Notas:
El 20% de ancianos con fractura de cadera no vuelven a caminar
  
Un 20 por ciento de los ancianos que sufren una fractura de cadera no vuelven a caminar, patología que tiene una mortalidad del 14 al 36 por ciento, según Juan Santamaría Ortiz, del Servicio de Geriatría del Glasgow Royal Infirmary Hospital, en Gran Bretaña. "De ahí que se requiera una rápida valoración en el servicio de urgencias y un traslado inmediato a la sala de traumatología. Esta valoración preoperatoria ha de ser multidisciplinar, tanto de las consecuencias de la propia fractura como del impacto del estrés consiguiente". Sobre la rehabilitación y alta, insistió en la movilización precoz, tras valorar el estado funcional premórbido, la situación social y la presencia de patología concurrente.

Artrosis y osteoporosis son enfermedades relacionadas con la fractura de cadera. En este sentido, José Pérez Venegas, reumatólogo del Hospital de Jerez, dijo que "debe hacerse una aproximación médica, física y psicosocial, con el objeto de mejorar su calidad de vida". La terapia física y ocupacional, una dieta adecuada, la protección articular y las medidas posturales han de ir junto con medidas farmacológicas de acción lenta que eviten el dolor y la progresión de la enfermedad.

Criterios de elección

Por su parte, Evaristo Fernández Ruiz, jefe de la Unidad de Nefrología del Hospital de Puerto Real, en Cádiz, refiriéndose a la insuficiencia renal en los ancianos, estableció los criterios de aplicación de la hemodiálisis o de la diálisis peritoneal. "Las situaciones que aconsejan la hemodiálisis son hernias, diverticulosis, cirugía abdominal previa u ostomías, malnutrición, agravación de otras patologías o intolerancia a la glucosa. La diálisis peritoneal continua ambulatoria se indica cuando hay intolerancia a bruscas retiradas de líquido en pacientes con baja reserva cardiaca, cardiopatías isquémicas, tendencia a las arritmias, complicaciones para un acceso vascular y aspectos socioeconómicos, como la distancia al centro de diálisis".

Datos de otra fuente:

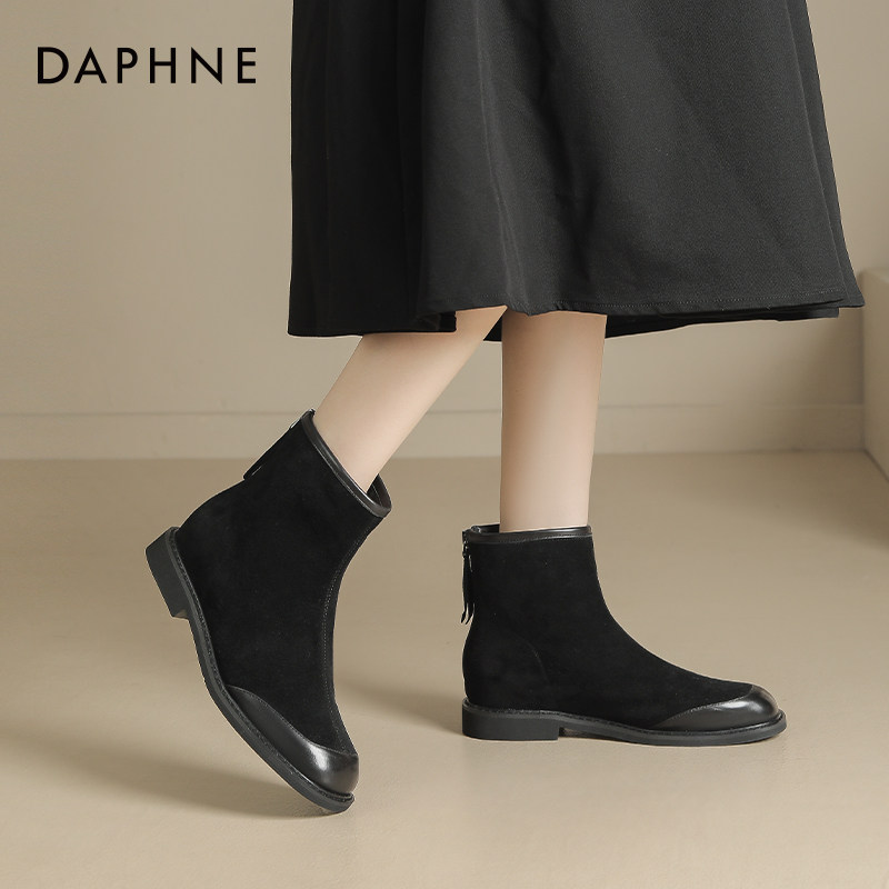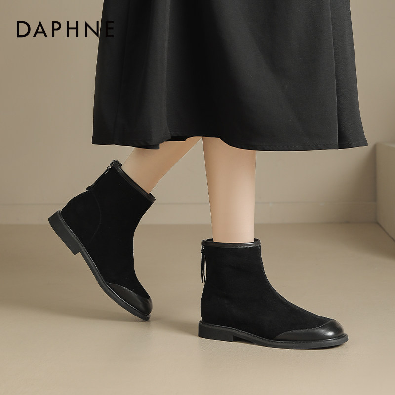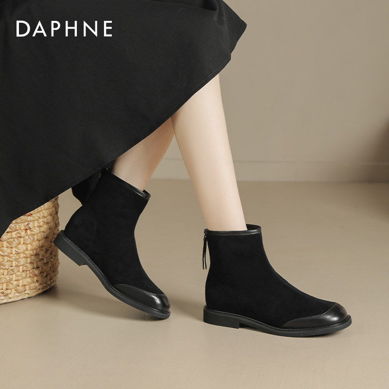 达芙妮短靴女2026新款秋冬平底瘦瘦靴子春季袜靴妈妈鞋春款马丁靴

Al plantear los inconvenientes de la hemodiálisis, Evaristo Fernández citó la enfermedad cardiovascular, la anemia o las disfunciones del SNC. Los obstáculos de la diálisis peritoneal ambulatoria en los ancianos serían disfunciones incapacitantes del SNC o problemas digestivos y pérdida de proteínas.

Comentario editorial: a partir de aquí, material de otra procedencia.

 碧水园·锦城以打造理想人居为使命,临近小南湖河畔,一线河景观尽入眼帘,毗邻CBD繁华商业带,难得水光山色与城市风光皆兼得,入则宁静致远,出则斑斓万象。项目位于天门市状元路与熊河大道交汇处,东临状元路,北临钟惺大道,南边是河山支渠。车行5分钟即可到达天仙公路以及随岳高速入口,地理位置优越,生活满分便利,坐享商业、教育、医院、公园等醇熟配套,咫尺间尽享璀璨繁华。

Acerca del trasplante renal, indicó que su riesgo es predecible y controlable. Mencionó en esta línea la eventración, mayor incidencia de complicaciones postoperatorias e infecciones, así como otros riesgos cardiovasculares. En cuanto a la supervivencia de los pacientes de diálisis explicó que existen diferencias entre países y centros, debido a los diversos criterios de inclusión y a la morbilidad asociada en cada lugar. "Los resultados para pacientes mayores de 65 años oscilan entre el 25 y el 52 por ciento, si bien la supervivencia es algo mejor en los países del sur de Europa debido a la menor mortalidad cardiovascular".